The interpretation of the depth and uncertainty definition is determined
from the overall file metadata in the same way as for the conventional
elevation and uncertainty layers. The conventional BAG_NULL_ELEVATION and
BAG_NULL_UNCERTAINTY values are used where data is not available.
**Table E1.4:** Implementation of HDF5 metadata fields for refined VR nodes
as stored in `/BAG_Root/varres_refinements` for refined VR nodes. The value
`1000000` is used where no data are provided.
| Field | Datatype | Description |
|:------------------|:---------|:------------------------------|
| depth | F32 | Reconstructed depth (m) |
| depth_uncertainty | F32 | Reconstructed uncertainty (m) |
The tracking list layer provides the variable resolution version of the
basic BAG tracking list (which is not used with variable resolution BAG
files). The layer is stored at `/BAG_Root/varres_tracking_list` and
consists of a series of instances of the HDF5-encoded metadata described in
Table E1.5. The row and col locations refer to the low
resolution cells, while the `sub_row` and `sub_col` locations refer to the
refined grid within the cell. In both instances, the indexing is such
that (0,0) is the most southwest node. The track-code and list-series
elements are interpreted as for the basic BAG tracking list.
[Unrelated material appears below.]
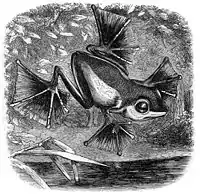 На протяжении своей эволюционной истории несколько не связанных между собой видов лягушек адаптировались к планирующему полёту[67] Некоторые виды лягушек в тропических лесах специализированы для планирования с дерева на дерево или имеют возможность контролируемо прыгать с дерева на землю («парашютирование»). Типичным представителем является лягушка Rhacophorus nigropalmat, обитающая в Малайзии и Борнео. У неё большие ступни, кончики пальцев расширены и оснащены клейкими подушечками, между пальцами есть летательные перепонки, а вдоль конечностей и области таза имеются дополнительные складки кожи. Растягивая пальцы и конечности, эта лягушка может планировать на значительные расстояния (до 15 метров) между деревьями, изменяя по мере надобности направление движения[68][69]

**Table E1.5:** Implementation of HDF5 metadata fields stored in
`/BAG_Root/varres_tracking_list` used for the refined grid tracking list data.
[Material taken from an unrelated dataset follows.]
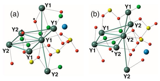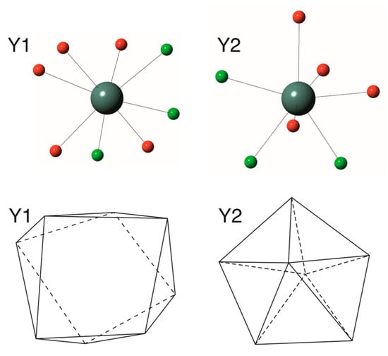The position of one H site was located through the inspection of the difference Fourier maps of electron density; other H sites could not be located. The occupancies of the Y sites were refined using mixed Y-Yb scattering curves for neutral atoms; the procedure implemented in SHELXL [] was applied with the Y and Yb curves used for the same site (two sites with the same coordinates and displacement parameters) and the total occupancy constrained to 1.0. Crystal data, data collection information, and structure refinement details are given in Table 2; atom coordinates and displacement parameters are given in Table 3, and selected interatomic distances are shown in Table 4. Table 5 provides the results of the bond valence analysis; the bond valence parameters for the cation–oxygen and cation–fluorine bonds have been taken from [,], respectively.

| Field | Datatype | Description |
|:--------------|:---------|:---------------------------------------------------|
| row | U32 | Low resolution cell location in northing |
| col | U32 | Low resolution cell location in easting |
| sub_row | U32 | Refined grid node location in northing |
| sub_col | U32 | Refined grid node location in easting |
| depth | F32 | Original depth from the node being replaced |
| uncertainty | F32 | Original uncertainty from the node being re-placed |
| track_code | U8 | Reason code for the modification |
| list_series | U16 | ID code used in metadata lineage |
Finally, the node-group layer provides auxiliary information that might
be useful to users interpreting data from the variable resolution grid
for intermediate processing steps; it is the variable resolution
equivalent of the NodeGroup optional layer. The layer is stored at
`/BAG_Root/varres_nodes` and consists of multiple instances of the
HDF5-encoded metadata described in Table E1.6. The ordering for the
instances are as for the refinement layer. The values used for the
node-group are as computed by the CHRT algorithm, which are equivalent
to the interpretation in the basic BAG NodeGroup layer.
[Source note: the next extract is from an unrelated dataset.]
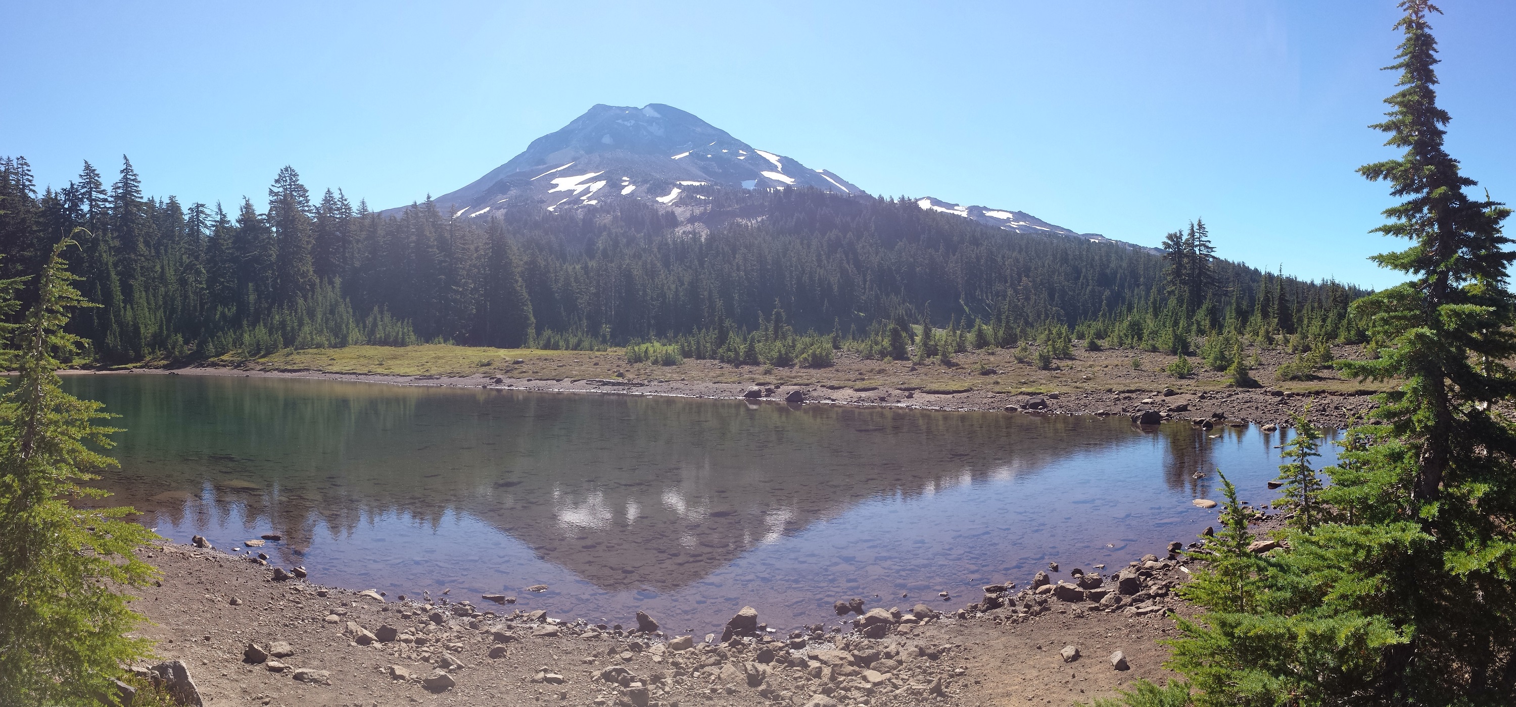 I wonder what marvelous things will happen today?  I am amazed at this part of the PCT, I’m on new ground, and it’s simply wonderful!  There are great views, nice campsites and a neat unnamed lake that had me very tempted for an early stop.  Alas, the surface was buzzing with mosquitoes so I go on by after taking a few pictures.  I run my battery charge down by taking too many panorama shots, a phenomena I suddenly notice for the first time. No wonder my phone was so inconsistent with holding a charge.

**Table E1.6:** Implementation of HDF5 metadata fields stored in
`/BAG_Root/varres_nodes` used for the node-group layer. Ordering of these is
as for the refinement layer.
| Field | Datatype | Description |
|:---------------|:----------|:----------------------------------------------|
| hyp_strength | F32 | Hypothesis strength for selected hypothesis |
| num_hypotheses | U32 | Number of hypotheses generated from data |
| n_samples | U32 | Number of samples used in selected hypothesis |
## Summary
This document defines a set of optional layers for the BAG file format
to specify high resolution refinement grids associated with a low
resolution "overview" elevation/uncertainty grid pair. The optional
layers are backwards compatible with the current BAG library in the
sense that older readers that do not recognise the layers will ignore
them and simply interpret the low resolution estimates, which are in the
same format as before. Variable resolution-aware versions of the
library, however, would be able to recognise that refinements exist
through use of the API call that checks for mandatory layer presence,
and users of the library could check to see whether this was an option
by examination of the version information for the library.
Single-resolution BAG files created with the variable resolution-aware
version of the library would be readable by prior versions since BAG
readers are required to ignore any layers that they do not understand,
and the additions do not change the interpretation of any components to
preclude a current single-resolution file being valid.